- Official cover art
- Developer: RamenVR
- Publisher: RamenVR
- Engine: Unity
- Platforms: Windows SteamVR PlayStation 4 Meta Quest 2
- Release: January 27, 2022 (early access)
- Genre: Massively multiplayer online role-playing game
- Mode: Multiplayer

= Zenith: The Last City =

Zenith: The Last City is a virtual reality open world massively multiplayer online role-playing game (MMORPG) developed and published by Californian game development studio Ramen VR. The game was officially released in early access for Microsoft Windows, Oculus Quest, and PlayStation VR on January 27, 2022. Upon launch, the game had more than 4,000 players playing online.
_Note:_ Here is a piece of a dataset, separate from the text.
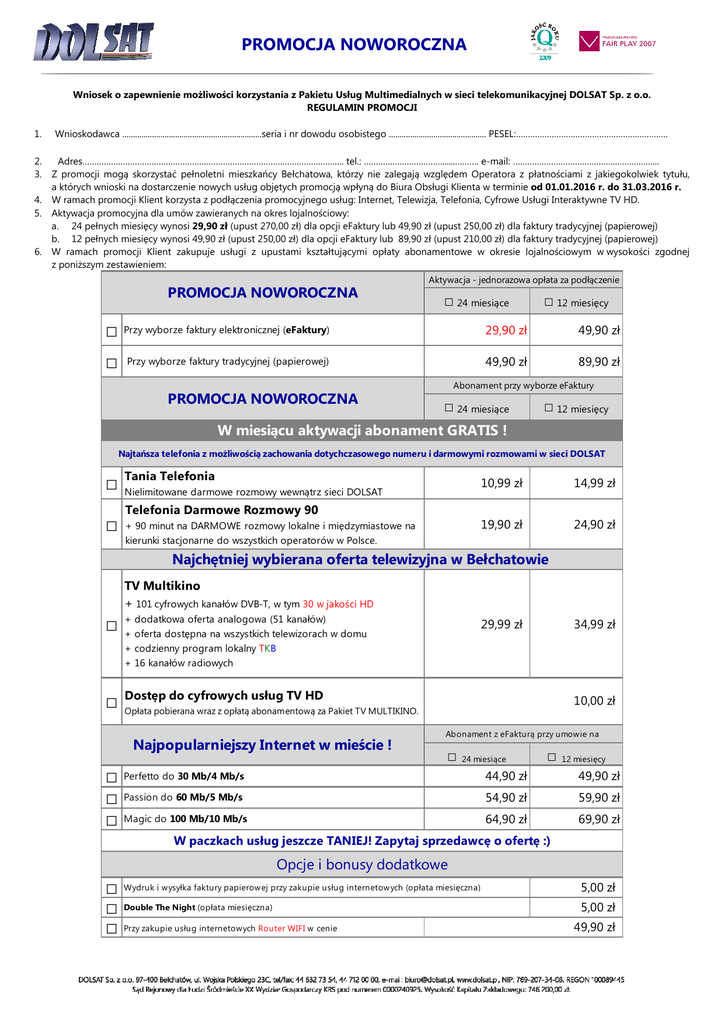 PROMOCJA NOWOROCZNA Wniosek o zapewnienie możliwości korzystania z Pakietu Usług Multimedialnych w sieci telekomunikacyjnej DOLSAT Sp. z o.o. REGULAMIN PROMOCJI 1. 2. 3. 4. 5. 6. Wnioskodawca ..................................................................seria i nr dowodu osobistego .............................................. PESEL:………………………………………………………. Adres……………………………………………………………………………………………….. tel.: ……………………………......………. e-mail: ……………………………………..……………... Z promocji mogą skorzystać pełnoletni mieszkańcy Bełchatowa, którzy nie zalegają względem Operatora z płatnościami z jakiegokolwiek tytułu, a których wnioski na dostarczenie nowych usług objętych promocją wpłyną do Biura Obsługi Klienta w terminie od 01.01.2016 r. do 31.03.2016 r. W ramach promocji Klient korzysta z podłączenia promocyjnego usług: Internet, Telewizja, Telefonia, Cyfrowe Usługi Interaktywne TV HD. Aktywacja promocyjna dla umów zawieranych na okres lojalnościowy: a. 24 pełnych miesięcy wynosi 29,90 zł (upust 270,00 zł) dla opcji eFaktury lub 49,90 zł (upust 250,00 zł) dla faktury tradycyjnej (papierowej) b. 12 pełnych miesięcy wynosi 49,90 zł (upust 250,00 zł) dla opcji eFaktury lub 89,90 zł (upust 210,00 zł) dla faktury tradycyjnej (papierowej) W ramach promocji Klient zakupuje usługi z upustami kształtującymi opłaty abonamentowe w okresie lojalnościowym w wysokości zgodnej z poniższym zestawieniem: Aktywacja - jednorazowa opłata za podłączenie PROMOCJA NOWOROCZNA □ 24 miesiące □ 12 miesięcy □ Przy wyborze faktury elektronicznej (eFaktury) 29,90 zł 49,90 zł □ 49,90 zł 89,90 zł Przy wyborze faktury tradycyjnej (papierowej) Abonament przy wyborze eFaktury PROMOCJA NOWOROCZNA □ 24 miesiące □ 12 miesięcy W miesiącu aktywacji abonament GRATIS ! Najtańsza telefonia z możliwością zachowania dotychczasowego numeru i darmowymi rozmowami w sieci DOLSAT □ □ Tania Telefonia Nielimitowane darmowe rozmowy wewnątrz sieci DOLSAT 10,99 zł 14,99 zł 19,90 zł 24,90 zł Telefonia Darmowe Rozmowy 90 + 90 minut na DARMOWE rozmowy lokalne i międzymiastowe na kierunki stacjonarne do wszystkich operatorów w Polsce. Najchętniej wybierana oferta telewizyjna w Bełchatowie TV Multikino + 101 cyfrowych kanałów DVB-T, w tym 30 w jakości HD □ + + + + □ Dostęp do cyfrowych usług TV HD dodatkowa oferta analogowa (51 kanałów) oferta dostępna na wszystkich telewizorach w domu codzienny program lokalny TKB 16 kanałów radiowych 29,99 zł 34,99 zł 10,00 zł Opłata pobierana wraz z opłatą abonamentową za Pakiet TV MULTIKINO. Najpopularniejszy Internet w mieście ! Abonament z eFakturą przy umowie na □ 24 miesiące □ Perfetto do 30 Mb/4 Mb/s □ Passion do 60 Mb/5 Mb/s □ Magic do 100 Mb/10 Mb/s □ 12 miesięcy 44,90 zł 49,90 zł 54,90 zł 59,90 zł 64,90 zł 69,90 zł W paczkach usług jeszcze TANIEJ! Zapytaj sprzedawcę o ofertę :) Opcje i bonusy dodatkowe □ Wydruk i wysyłka faktury papierow ej przy zakupie usług internetow ych (opłata miesięczna) □ Double The Night (opłata miesięczna) □ Przy zakupie usług internetowych Router WIFI w cenie 5,00 zł 5,00 zł 49,90 zł PROMOCJA NOWOROCZNA Cyfrowe Usługi Interaktywne TV HD □ □ Abonament przy umowie na 12 miesięcy PAKIET DOLSAT HD PLUS > 55 kanałów cyfrowych, w tym 35 jakości HD PAKIET CANAL+ PRESTIGE HD > 8 kanałów cyfrowych w jakości HD 49,90 zł 49,90 zł 10,00 zł Dostęp do Cyfrowych Usług Interaktywnych TV HD za pomocą Terminala HD Aktywacja i opcje dodatkowe dla Cyfrowych Usług □ □ Aktywacja TERMINALA HD (opłata jednorazowa): 49,90 zł Aktywacja dodatkowego TERMINALA HD (opłata jednorazowa): 49,90 zł Dostęp do pakietu MULTIKINO w jakości cyfrowej □ □ □ 7. 8. 9. 10. 11. 12. 13. 14. 15. 16. 17. 18. 19. 20. 21. 22. Abonament dla Abonentów nie posiadających usługi MULTIKINO DVB-T 39,90 zł dla Abonentów posiadających pakiet MULTIKINO DVB-T GRATIS MULTIROOM CYFROWY HD 12,00 zł W przypadku wyboru faktury tradycyjnej (papierowej) opłaty abonamentowe za usługi internetowe wyższe od zaprezentowanych w ww. tabeli o 5,00 zł. W miesiącu aktywacji abonament GRATIS. Jeśli Abonent nie wypowie Umowy lub nie podejmie renegocjacji na nowych warunkach promocji, po okresie lojalnościowym, określonym w załączniku do umowy, opłata abonamentowa zgodna z Cennikiem Usług Multimedialnych. W przypadku pierwszej Umowy z Abonentem zawieranej na maksymalny okres 24 miesięcy, Umowa wygasa z upływem początkowego okresu obowiązywania, a sygnał usług zostaje wstrzymany chyba, że Abonent podejmie renegocjację na warunkach nowego Regulaminu promocji na kolejne okresy lojalnościowe przed upływem tego okresu. W przypadku, gdy umowa zawierana jest poza lokalem Operatora, Abonent może od niej odstąpić bez podania przyczyny w terminie 14 dni od jej zawarcia składając stosowne oświadczenie w formie pisemnej. W razie odstąpienia od Umowy, jest ona uznana za niezawartą, a Abonent jest zwolniony z wszelkich zobowiązań. Operator zastrzega, iż z Promocji wyłączone są posesje, na których Operator nie posiada infrastruktury telekomunikacyjnej, a ponadto nie spełniające warunków technicznych niezbędnych do świadczenia usług multimedialnych. Przystępując do niniejszej promocji z opcją eFaktura Abonent oświadcza, iż, zgodnie z Rozporządzeniem Ministra Finansów z dnia 17 .12.2010 (Dz. U. nr 249 poz. 1661) akceptuje przesyłanie w formie elektronicznej, w tym udostępnianie w Panelu Abonenta na www.dolsat.pl, faktur z tytułu usług świadczonych przez Operatora ze wszystkimi prawnymi skutkami doręczenia. Abonent również oświadcza, że przyjmuje do wiadomości, iż Operator, będzie przesyłać wystawione faktury na wskazany adres e-mail oraz, że zapoznał się

The game takes inspiration from various anime shows such as Sword Art Online and JRPG games such as Final Fantasy XIV.

== Development ==
As of March 2022 the game received a $35 million investment, allowing the company to double the staff working on the game and potentially also port the game to regular desktops and smartphones. On June 16 of 2022, the first major update called Celestial Throne was released, expanding the playable area and adding more content to the game.

== Critical reception ==
The game received generally mixed to positive feedback, with critics praising it for being an immersive and entertaining experience. It combines VR and MMORPG genres, and is one of the first VR games to do so. It has also been noted that the game has less content and world size than its non-VR competitors, leaving a lot of room and potential for future updates.